# Exercise description:
Reproduce the data below in full and exclude every picture.

# Data provided:
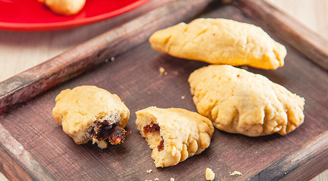 تؤخذ قطع من العجين وتحشى بالحشوة، ثم تغلق على شكل نصف دائرة مع إحكام إغلاق الأطراف.
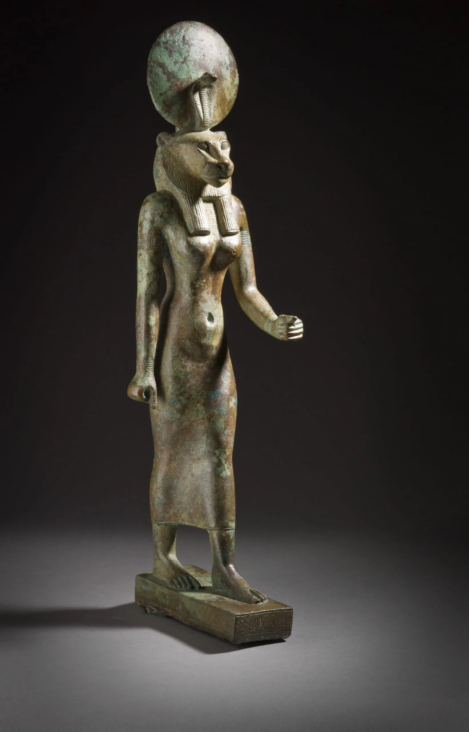 This elegant, striding bronze figure represents the goddess Wadjet, protectress of the king and tutelary deity of Lower Egypt. One of several Egyptian goddesses depicted with the head of a lioness, Wadjet is identified in this example by the dedicatory inscription on the rectangular base. The preserved portion of the text also includes part of the donor's name and parentage. This figure probably was dedicated as an offering in a temple, and in addition may have served as a container for the remains of a sacred animal.
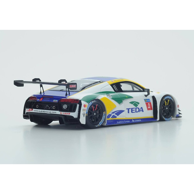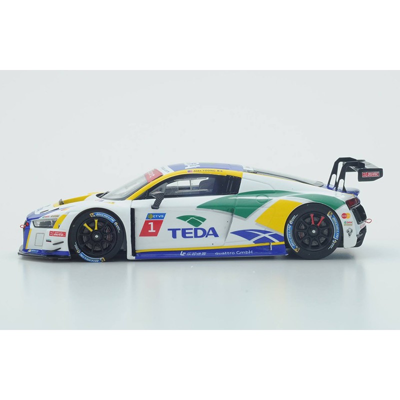 Miniature diecast racing 1/43 de l'Audi R8 LMS Cup n 1 pilotée par Alex Yoong Champion LMS Cup en 2016. Modèle réduit de voiture Spark SA107. Maquette auto de collection.

# Final answer:
 تؤخذ قطع من العجين وتحشى بالحشوة، ثم تغلق على شكل نصف دائرة مع إحكام إغلاق الأطراف.
 This elegant, striding bronze figure represents the goddess Wadjet, protectress of the king and tutelary deity of Lower Egypt. One of several Egyptian goddesses depicted with the head of a lioness, Wadjet is identified in this example by the dedicatory inscription on the rectangular base. The preserved portion of the text also includes part of the donor's name and parentage. This figure probably was dedicated as an offering in a temple, and in addition may have served as a container for the remains of a sacred animal.
 Miniature diecast racing 1/43 de l'Audi R8 LMS Cup n 1 pilotée par Alex Yoong Champion LMS Cup en 2016. Modèle réduit de voiture Spark SA107. Maquette auto de collection.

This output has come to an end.